You have to challenge yourself with food when you travel. You have to take chances on things you wouldn't normally even think of eating. This is what it's all about, experiencing the way other people do things, trusting that they know what they are doing. The food stuff that seems so strange to you is actually so delicious to many others. It doesn't always work out. Sometimes the fermented horse milk in Mongolia that sounds so bad really is so bad. However, if you take a chance on the following dishes, you won't be disappointed.
Haggis, Scotland
Oddly enough, when you take all of the parts of a sheep that no one else wants - the heart, the liver and the lungs - grind it up. And, mix it with mutton fat, oatmeal and spices. Then pack it in a sheep's stomach and boil it for a few hours. It tastes.... really good. Scotland isn't exactly known for its cooking and eating skills, but give me "haggis, neeps and tats" (haggis with turnips and potatoes) any day of the week.
Shiokara, Japan
Most Japanese food is simple: it sounds delicious, and it is delicious. But how about raw squid mixed with salty, fermented squid belly? This is shiokara, a Japanese staple, and one I used to hate. However, I'm slowly coming around. Once you get used to it and you have it with good conversation, this food takes on a whole new beauty.
Jellyfish, China
This dish can appear challenging to those of us who only associate jellyfish with the scary nature of some species of them. There's also a rubbery texture to jellyfish that some find a little challenging. However, the Chinese know what they're doing with these things. They mix jellyfish into salads, pair it with chicken, stir it through sesame oil… it's all tasty, and it's all low-fat.
Green ants, Australia
You can keep your witchetty foods, as far as I'm concerned: too soft, too many guts. If I'm going for bush food, it's definitely green ants, little insects that are pulled from trees, lightly crushed between your hands, and then eaten. They're lemony, peppery, and delicious. Local producers are even putting them on top of goat's cheeses now, with lemon myrtle, for extra energy. Seriously good.
Crickets, Thailand
You hear, occasionally, that insects are the protein source of the future, and to that I say: no problem. In northern Thailand, deep-fried crickets are a staple, and they're delicious. They're nutty and crunchy, perfect with salt. I still struggle, however, with the larger insects. Anything that requires more than one bite is a bridge too far for this guy.
Snails, France
Snails aren't unusual - you'll find them on the menu at most French restaurants, even in Australia.

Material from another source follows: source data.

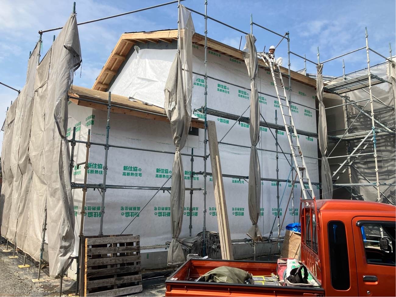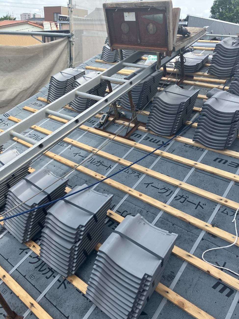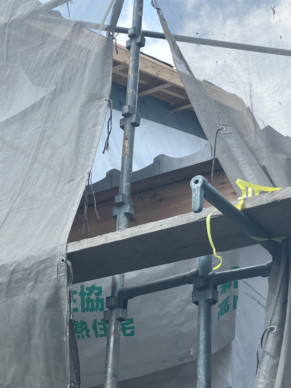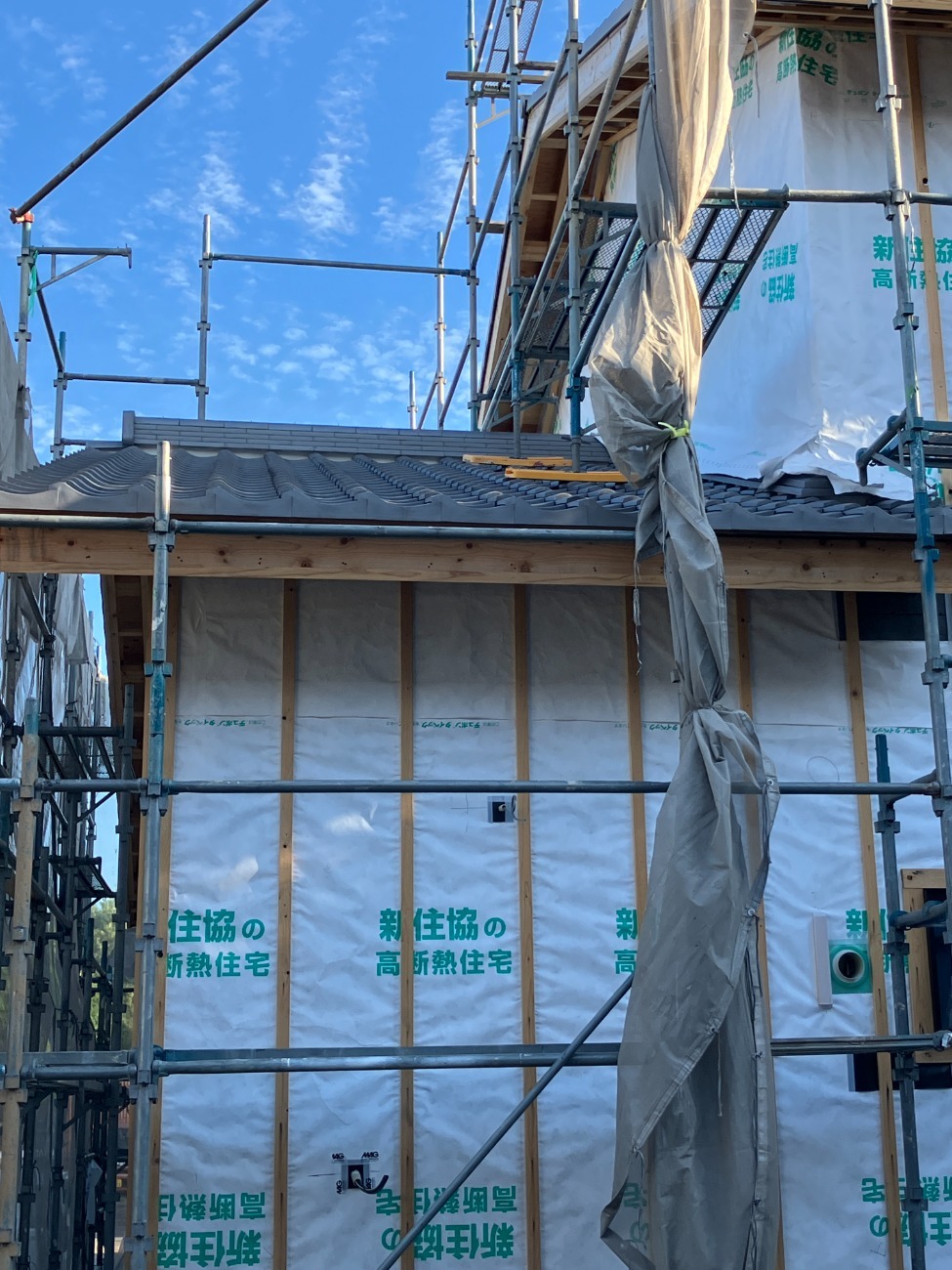 離れは、k嶋屋さんが体調を崩されてしまい、a瓦さんが急遽応援に駆けつけてくださって、瓦が葺き終わりました。光を遮るものがないので、瓦屋さんの仕事は大変です💦足場にタープみたいなものが架けられると少しは違うかも知れないですが、温暖化してしまった夏対策として、建築現場は朝5時からお昼までとかサマータイム制度にしたらどうでしょうか?音の問題があるので、国が推奨くれたりしたら、近隣の方も「あ~政府が言ってたよね、ニュースで見た!仕方ないね」となったりしないかなぁと思ったりします。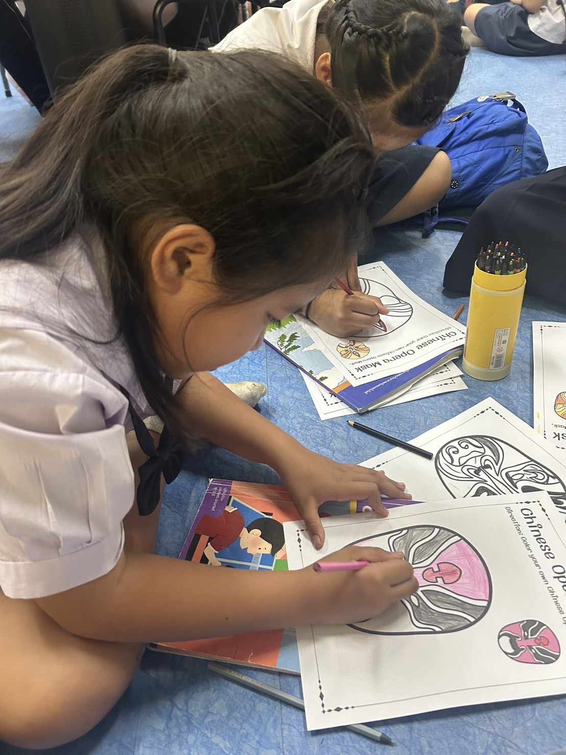 การวาดหน้ากากงิ้วปักกิ่ง เริ่มจากการวาดลวดลายบนใบหน้าตามตัวอย่างที่ต้องการ และการลงสีจะเน้นที่สีหลักของหน้ากาก ในหน้ากากหนึ่งๆ สามารถมีสีอื่นผสมผสานอยู่ด้วยกัน ก็จะแสดงให้เห็นถึงลักษณะนิสัยว่าเป็นคนอย่างไรบ้าง แต่จะมีสีหลักๆ ที่แสดงถึงจุดเด่นของตัวแสดง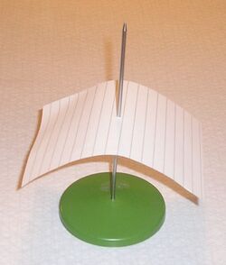 A spindle (or colloquially, a spike) is an upright spike used to temporarily hold papers. "Spindling" or "spiking" is the act of spearing an item onto the spike. A spindle was often used in restaurants to hold orders from the waitstaff to the kitchen.[1]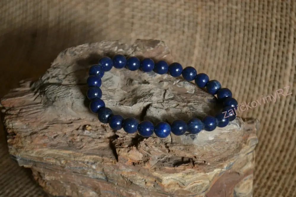 - Náramek z minerálních kuliček, lapis lazuli, průměr kuličky 8 mm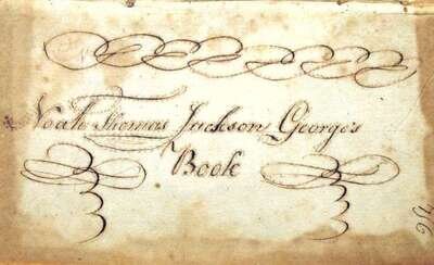 Morse, Jedidiah; Parish, Elijah. A Compendious History of New England. Newburyport: Thomas & Whipple, 1809. "Second Edition." 12mo, contemp. sheep, black morocco spine label; scuffed, joints & extremities rubbed. Occasional minor internal spotting. Contemp. decorated ink manuscript "bookplate" of Noah Thomas Jackson George on front free endpaper recto. Subtle contemp. ink embellishment surrounding the "A" at head of title. Some darkening to edges of endpapers.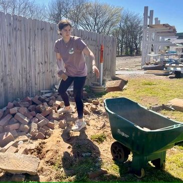 Our pollinator bed will be made where a massive pile of bricks sits. We have worked for quite a while clearing up this spot. It's always nice to have a little help!

However, some people are still nervous about eating garden snails, even though they needn't be. Fried up with plenty of garlic and butter, snail is yummy. Snails, in fact, are eaten in many countries, particularly Vietnam, where fried snails are a very tasty staple dish.
Bun rien, Vietnam
Everything about bun rieu, a traditional Vietnamese soup, sounds good; well, almost everything. It's a crab-based soup mixed with noodles. So far, so delicious. It's then topped with roasted tomatoes, crab meat, stewed pork, lime juice, chilli, fresh herbs, banana flower and bean sprouts. Also, extremely good. Then, however, you drop in a large piece of congealed pig's blood, which is a serious challenge for the unsuspecting diner. My advice: give it a try. You won't regret it.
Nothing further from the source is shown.